Oh, yes, no reason for teachers to believe otherwise!
But the teachers union, by rejecting the call for a pay freeze and clinging hard to sclerotic work rules that block needed reform, has shown its colors. Time to tip the balance of power and give school boards the power to push back.
What a crock. Contracts settled this year have increases down to an average of 1.6%.  All districts that didn't settle, and many others besides, took pay freezes PLUS a mandatory contribution on their health care - that's a cut, S-L.

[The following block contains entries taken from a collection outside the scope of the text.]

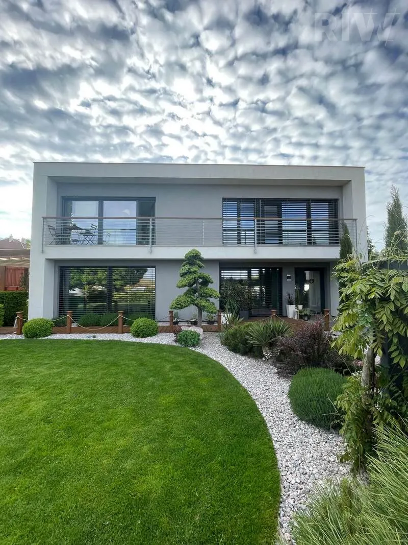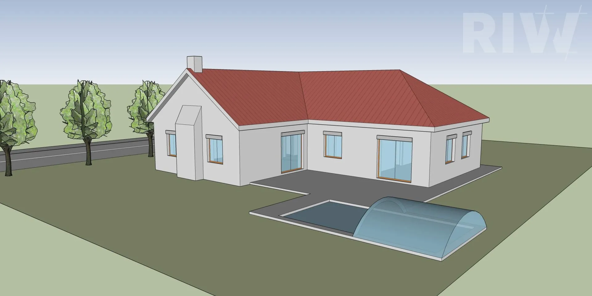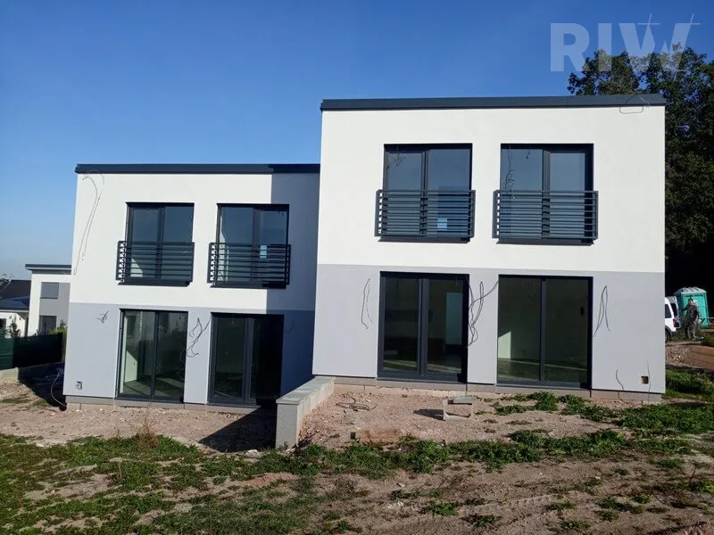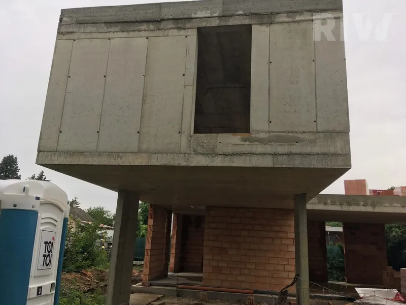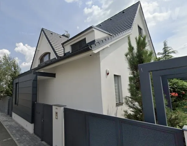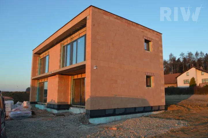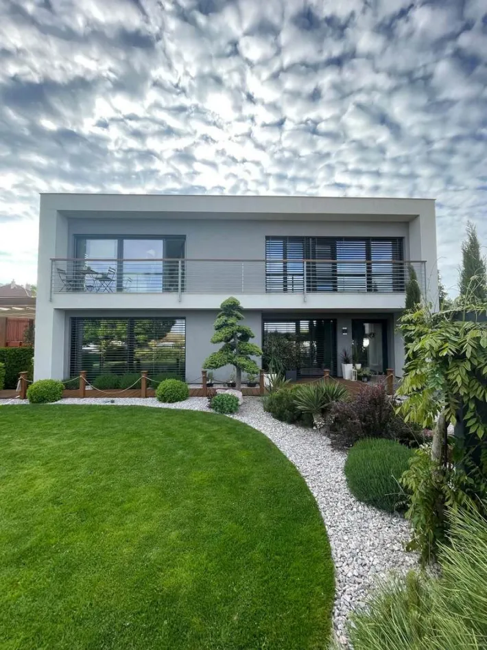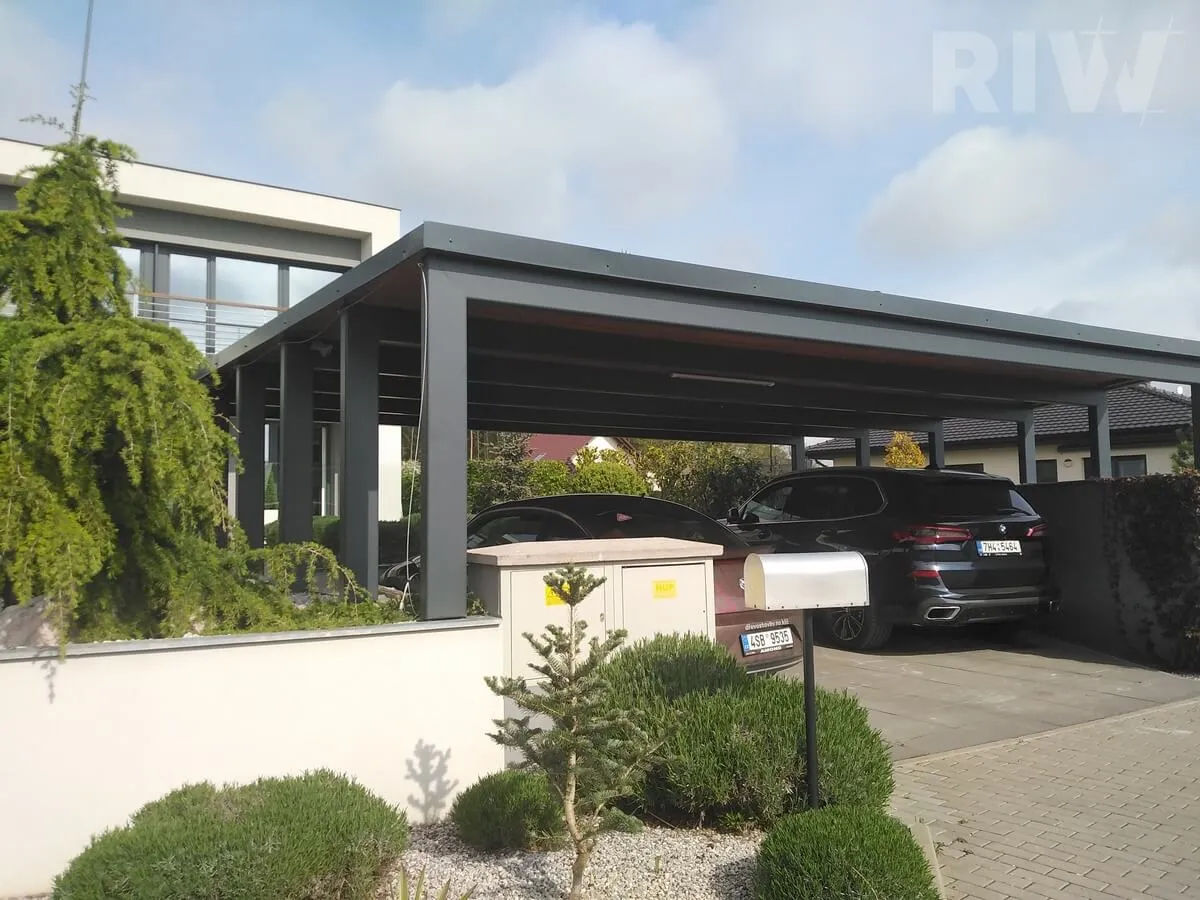Dvoupodlažní dům s plochou střechou obdélníkového tvaru, velkou terasou, která nabízí atraktivní místo na slunci i ve stínu propojená se zahradou a bazénem. K domu vcházíme přístřeškem dvougaráže se zelenou střechou. Dispoziční řešení tohoto domu je efektivní a zároveň velkorysé. V přízemí se nachází prostorný obývací pokoj, jídelní a kuchyňský kout, technická místnost se sprchovým koutem a WC. Schodiště se diskrétně uhnízdilo do středu domu, takže v horním patře je dostatek místa pro tři pokoje se vstupem na balkón, koupelnu s vanou a samostatným WC. Hlavní ložnice je obzvláště příjemná díky velké šatně. Dům má směrem do ulice velká okna, kterým se majitelé mohou nerušeně kochat výhledem.
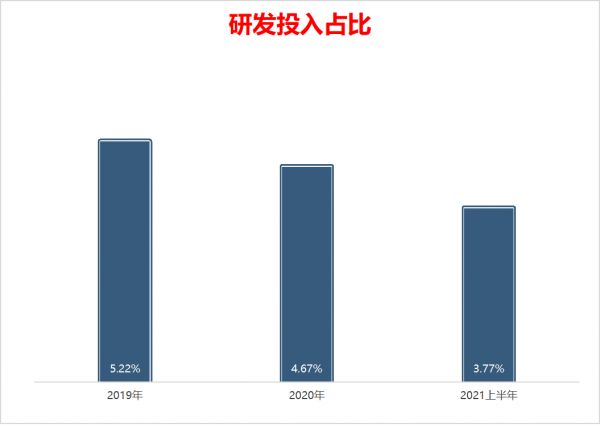 据公开资料显示,科沃斯2021年上半年,研发费用为2.02亿元,占营收的比例为3.77%,2019~2020年的研发投入占比分别为5.22%、4.67%,呈现逐年下降的趋势;销售费用为12.18亿元,同比增长130%,占营收的比例为22.73%,与研发投入形成了鲜明的对比。
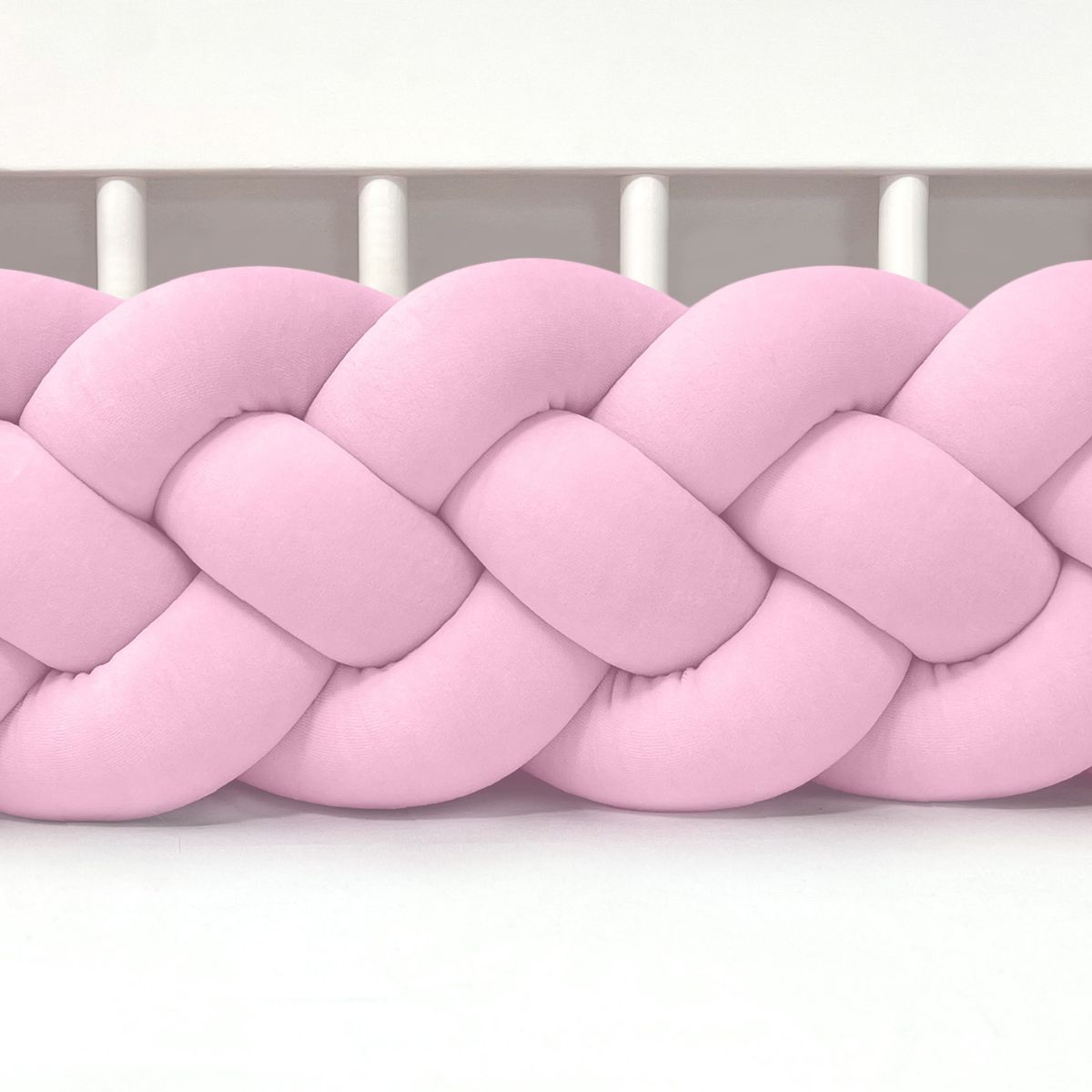 SUPEŁKOWE LOVE - OCHRANIACZ DO ŁÓŻECZKA WARKOCZ 3 PASMOWY WELUROWY PUDROWY RÓŻ

This sort of lazy writing continues to be the primary reason newspapers are dying.

2 comments:

czarejs said...

I love the part about how all we have to do is hope school boards use their power wisely....lol yeah right that'll happen.

Anonymous said...

Our school board is currently trying to dupe the townspeople. They're telling the local paper that they're offering us a $1,000/yr raise and that we're rejecting it (painting a picture that we're greedy prima-donnas). They're not giving the full story. That raise is a stipend, only for the first year (which isn't really a full 1K raise because of losing over a thousand this year for paying into our medical plan. Plus, our copays will double, office visit copays will triple, and the raise only happens in year one of the contract, years 2 and 3 go back to a pay freeze at our current step with losses to medical. I hate being a teacher right now...Oh, by the way, I'm writing this blog as a break while grading and uploading lesson plans online, on my own computer (in a scurried attempt to see SOME of the SuperBowl...I am NOT overpaid).